I'm pretty sure all the facebook emails are official, they send me to official facebook site (it sure looks like it in the URL at least, even got the green lock there in google chrome).

I'm feeling a bit paranoid now, which is why I posted this thread, lol. Anyone know if this sort of thing is common? If I should take any further steps than I have already?
Also, it is possible to permanently delete the facebook account, to prevent this from happening again?


----------



## starsfreak

That sounds really weird :um

Changing your e-mail and password should do the job. Otherwise contact FB again.

And yes, you can completely delete your account with no chance of re-activating it again.

https://www.facebook.com/help/224562897555674

Not sure if this link works in your country as I live in Germany. Otherwise google "delete facebook account".

Hope I could help


----------



## Salvador Dali

Thanks for the reply so far. The email I got from Facebook support looked genuine enough so I decided to go ahead and send them my birth certificate, just waiting for a reply now.

After doing some more digging around my old emails, I also noticed one that was sent on the 13th asking me to complete a survey regarding recent support from facebook. I never asked for any support from FB back then, like I said, I haven't even been on FB for the past 2-3 years.

I'm still not sure what's happened, or why anyone would want to hack some old, deactivated FB account just to seemingly post spam. I could care less about the FB account though, what I'm mainly worried about is any personal details I may have had on there or what password I used for the account, don't want them hacking anything else that may have the same password.


----------



## DeeperUnderstanding

That is definitely weird.


----------



## Salvador Dali

Yeah, this is very strange. Out of all the various online accounts I own, why someone would want to hack a disused, 3 year old facebook account is beyond me. I never even got any "your password has been reset" emails, just the one that my account had been reactivated (and the one from facebook support a week before).

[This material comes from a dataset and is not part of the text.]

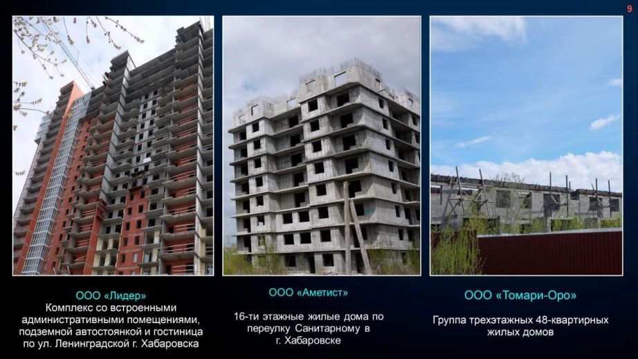 Что же касается недобросовестных застройщиков ООО «Томари-Оро», ООО «Аметист» и ООО «Лидер», то согласно расчетам Фонда, плановые затраты на завершение объектов составляют 1,78 млрд рублей. Из них вложения Фонда — 1,42 млрд руб. Для обеспечения софинансирования со стороны края зарезервированы бюджетные средства в размере 341 млн рублей.

I still haven't got a reply from facebook support, and browsing google, it looks like some people have waited literally months before they got any kind of reply.
Thankfully nothing else has been compromised (yet), which was my main concern.

Despite the fact that I've changed my password on facebook and can log in, I still can't actually access the account since it asks me to "verify" myself by naming photos of people on my friend list, and I don't know any of them, which is why I had to send ID to facebook. It's not a big deal, but I wanted to delete the account, and I can't seem to do that until I gain proper access to it.

*Edit:* I decided to send in some ID again, through the official form this time (sent it by email previously). I got a reply within literally minutes, stating that my "facebook account had been suspended by mistake and is now reactivated". That in itself seemed pretty strange, but I managed to log into my account just fine afterwards and requested for my account to be deleted, which will apparently take 14 days.

The spam in question just seemed to be a couple of adverts posted on my wall or something. The hacker didn't appear to temper with much else, aside from adding and sending friend requests to unknown people.

I'm still a bit paranoid about anything else being hacked, but hopefully this is just some weird one-off thing. I would have liked to know how I supposedly contacted Facebook's support sometime before the 13th, and how my account was magically reactivated, seemingly without a password change, but I don't think I'll ever get those answers.


----------